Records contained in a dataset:
-*-
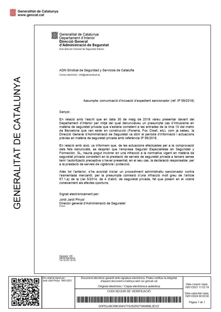 Després de gairebé tres anys, Interior ha informat el sindicat, mitjançant un document del 19 de gener, de l’inici d’un procediment sancionador després de comprovar que l’empresa pirata “hauria pogut incórrer en una infracció a la normativa vigent en matèria de seguretat privada” ja que no tenia “l’autorització preceptiva” o, en el seu cas, “la declaració responsable”.
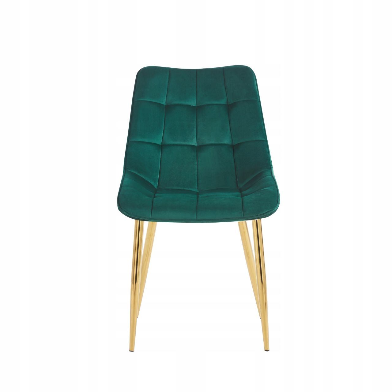Zielone Krzesło Welurowe do Jadalni Tapicerowane ZŁOTE nogi Glamour
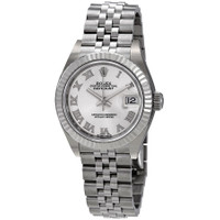 Silver-tone stainless steel case with a silver-tone stainless steel rolex jubilee bracelet. Fixed - fluted silver-tone stainless steel bezel. Silver dial with silver-tone hands and Roman numeral hour markers. Dial Type: Analog. Date display at the 3 o'clock position. Rolex Calibre 2236 automatic movement with a 55-hour power reserve. Scratch resistant sapphire crystal. Screw down crown. Solid case back. Round case shape. Case size: 28 mm. Fold over with safety release clasp. Water resistant at 100 meters / 330 feet. Functions: date, hour, minute, second. Luxury watch style. Watch label: Swiss Made. Rolex Lady Datejust Automatic Silver Dial Ladies Jubilee Watch 279174SRJ. INFORMATION Brand: Rolex Series: Lady Datejust Collection Name: Lady Datejust Gender: Womens Model: 279174SRJ Watch Label: Swiss Made Movement: Automatic Engine: Rolex Calibre 2236 Power Reserve: 55 hours CASE Case Size: 28 mm Case Color: Silver-Tone Case Material: Stainless Steel Case Shape: Round Case Back: Solid BAND Band Material: Stainless Steel Rolex Jubilee Band Type: Bracelet Band Color: Silver-tone Clasp: Folding DIAL Dial Color: Silver Type: Analog Crystal: Scratch Resistant Sapphire Hands: Silver-tone Dial Markers: Roman Numeral Bezel: Fixed Fluted Bezel Color: Silver-tone Bezel Material: Stainless Steel Crown: Screw Down FEATURES Water Resistance: 100 meters / 330 feet Calendar: Date display at the 3 o'clock position Functions: Date, Hour, Minute, Second Watch Features: Stainless Steel, Analog ADDITIONAL INFO Watch Style: Luxury Warranty: 2 Year Jomashop Warranty Jomashop Sku: RLX279174SRJ Department: Watches Category: Watches
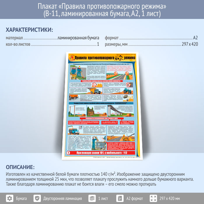 Плакат «Правила противопожарного режима» (В-11, ламинированная бумага, А2, 1 лист) в Обнинске купить
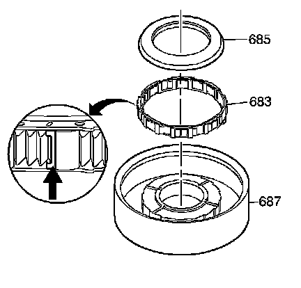 3. Install the thrust bearing (685) onto the 1-2 support drum (687). Press down with hand pressure only.
-*-
- _TO DO_:
The answer must be the lines above, word for word, from the first one through the line with "Zielone Krzesło Welurowe", pictures excluded.

- _WRITTEN ANSWER_:
 Després de gairebé tres anys, Interior ha informat el sindicat, mitjançant un document del 19 de gener, de l’inici d’un procediment sancionador després de comprovar que l’empresa pirata “hauria pogut incórrer en una infracció a la normativa vigent en matèria de seguretat privada” ja que no tenia “l’autorització preceptiva” o, en el seu cas, “la declaració responsable”.
Zielone Krzesło Welurowe do Jadalni Tapicerowane ZŁOTE nogi Glamour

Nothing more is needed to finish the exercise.